The “usual” problem, where we want p/q to be close to a real number α, can be
thought of as finding Gaussian integers (q + ip) that lie close to the line
y=αx in the complex plane, i.e. points z on the lattice such that Im(z)/Re(z)
≈ α.

Here, with α=√3, we want to solve the same problem, i.e. find rational numbers
p/q close to α, except that p/q must further be of the form (ad-bc)/(ac+bd)
for some (a, b, c, d). Here's the thing: this is precisely the same as saying
that (q + ip) is not a Gaussian prime! This is because (a-ib)(c+id) = (ac+bd)
+ i(ad-bc).
([https://en.wikipedia.org/w/index.php?title=Brahmagupta%E2%80...](https://en.wikipedia.org/w/index.php?title=Brahmagupta%E2%80%93Fibonacci_identity&oldid=863796842))
So any (q + ip) of the form (ac+bd) + i(ad-bc) can be written as the product
of two Gaussian integers, and vice-versa.

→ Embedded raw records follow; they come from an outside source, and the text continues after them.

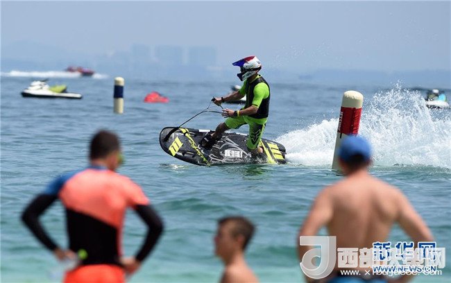 在三亞蜈支洲島參加2016動力沖浪板國際賽中國站的選手在比賽中(2016年9月17日攝)。新華社記者 楊冠宇 攝
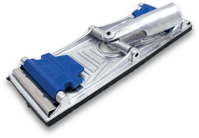 La lijadora de poste MARSHALLTOWN tiene un soporte giratorio antideslizante de perfil bajo que la convierte en una herramienta ideal para lijar juntas de paneles de yeso hasta que queden al ras con las paredes circundantes. Está hecho de aluminio fundido a presión reforzado y liviano y adherido a una almohadilla de gomaespuma para una mayor durabilidad. La hoja tiene abrazaderas de bloqueo de cambio rápido para un reemplazo más rápido del papel de lija.
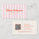 Retro QR Code Pink Hand Drawn Stripped Girly Boho Business Card
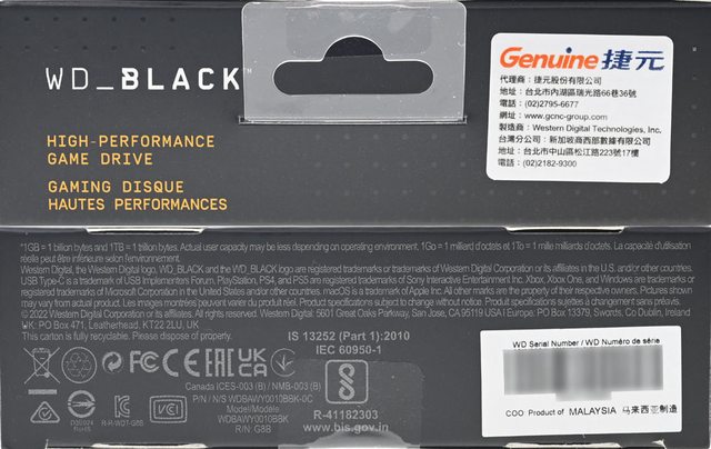 ▼外盒上/下側面有WD_BLACK字樣、HIGH-PERFORMANCE GAME DRIVE字樣、代理商貼紙、額
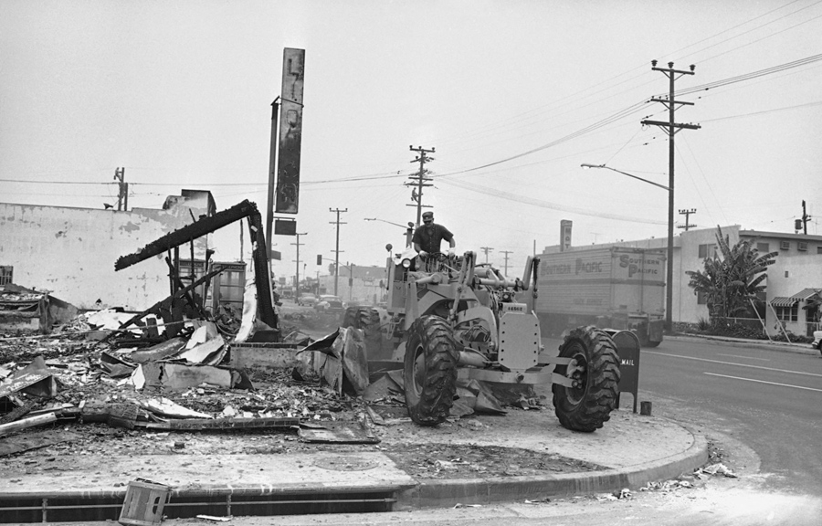 Read moreThe massive job of cleaning up the black section of Los Angeles through which riots surged for five days gets underway as a bulldozer clears debris from a fire-gutted store off the sidewalk in Watts, Los Angeles, August 18, 1965. #
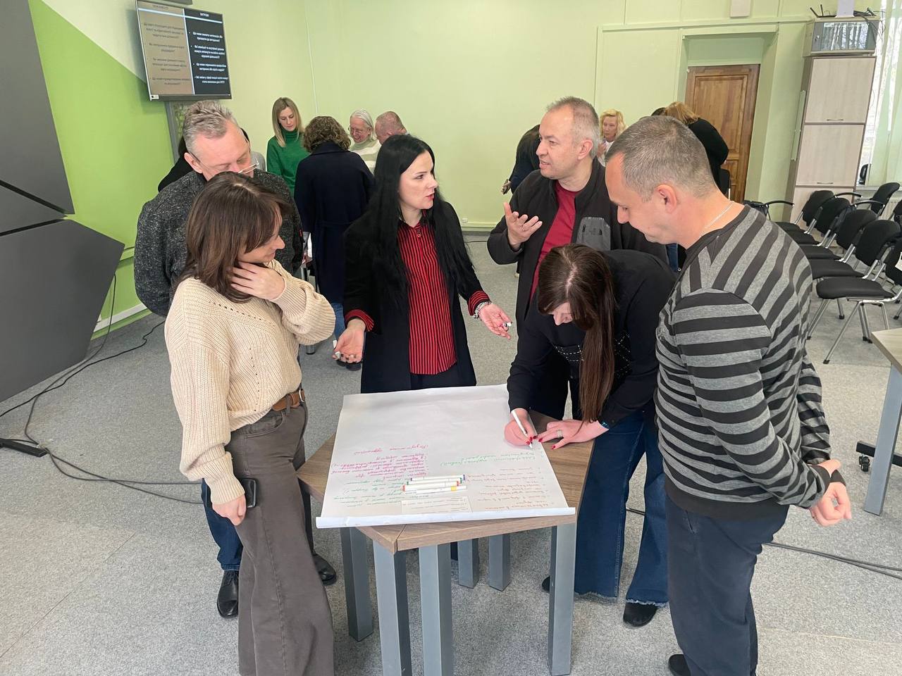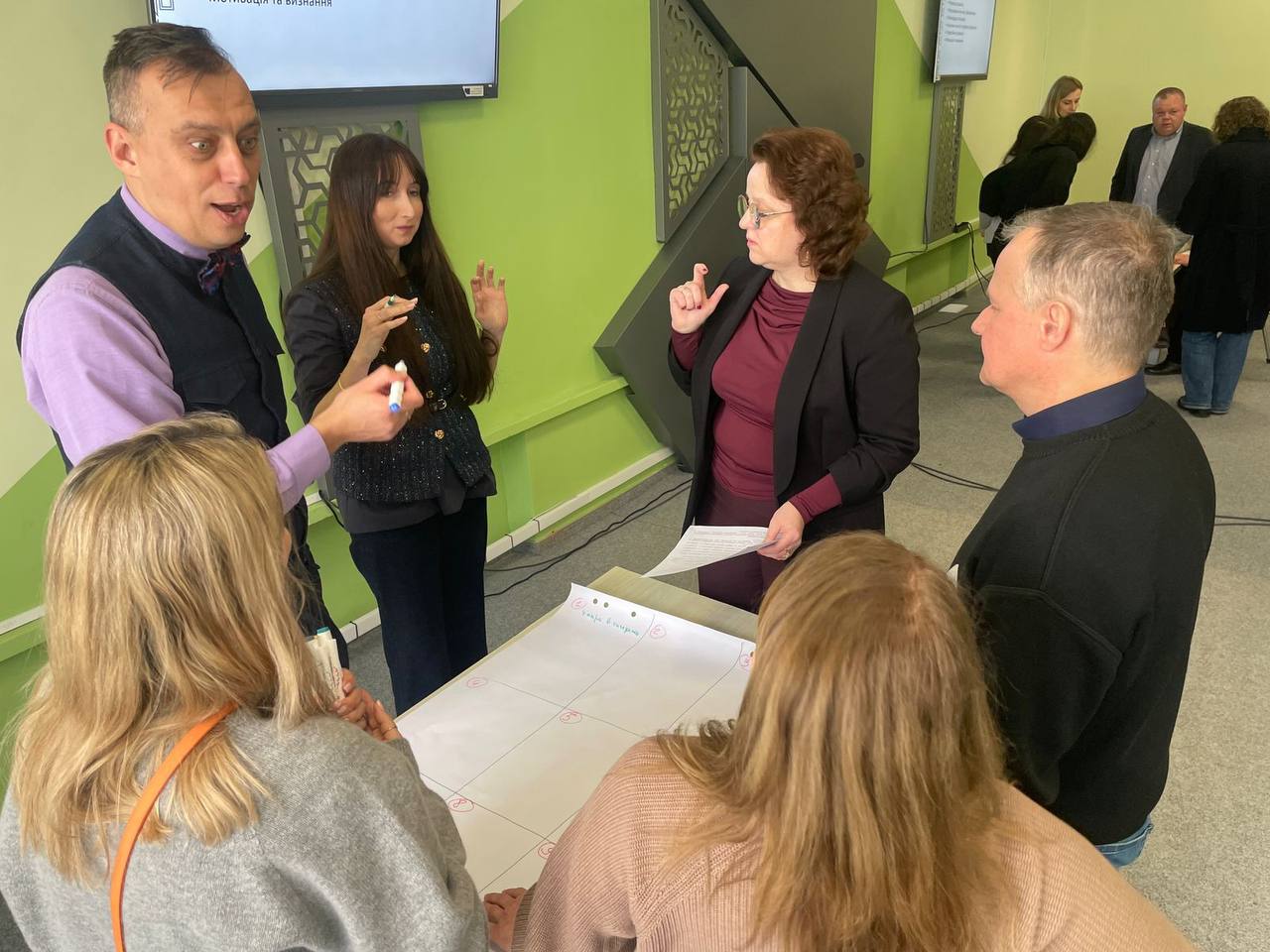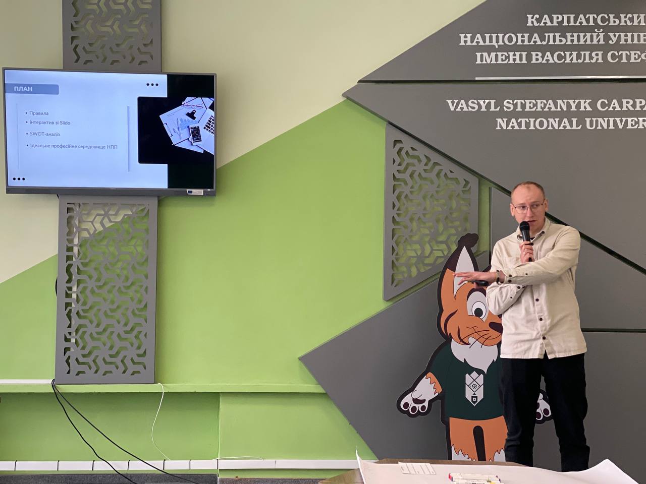 Модератором заходу виступив Тарас Малишівський – викладач кафедри менеджменту та бізнес-адміністрування, який координував роботу груп та допомагав структурувати напрацьовані ідеї, забезпечуючи продуктивний діалог між учасниками сесії.

So the relation between the Diophantine approximation problem and this one is
that while there we want to find Gaussian integers close to the line
Im(z)=αRe(z), here we want to find _composite_ Gaussian integers close to the
line Im(z)=αRe(z).

(Note we can get different "best" approximations depending on how we measure
closeness; see my other comment here:
[https://news.ycombinator.com/item?id=18555240](https://news.ycombinator.com/item?id=18555240)
Also, I expect that as denominators get larger, the primes get sparser, so
this becomes closer to the usual problem. Of course in the original post
linked here, the goal is to find small solutions, so the difference matters.)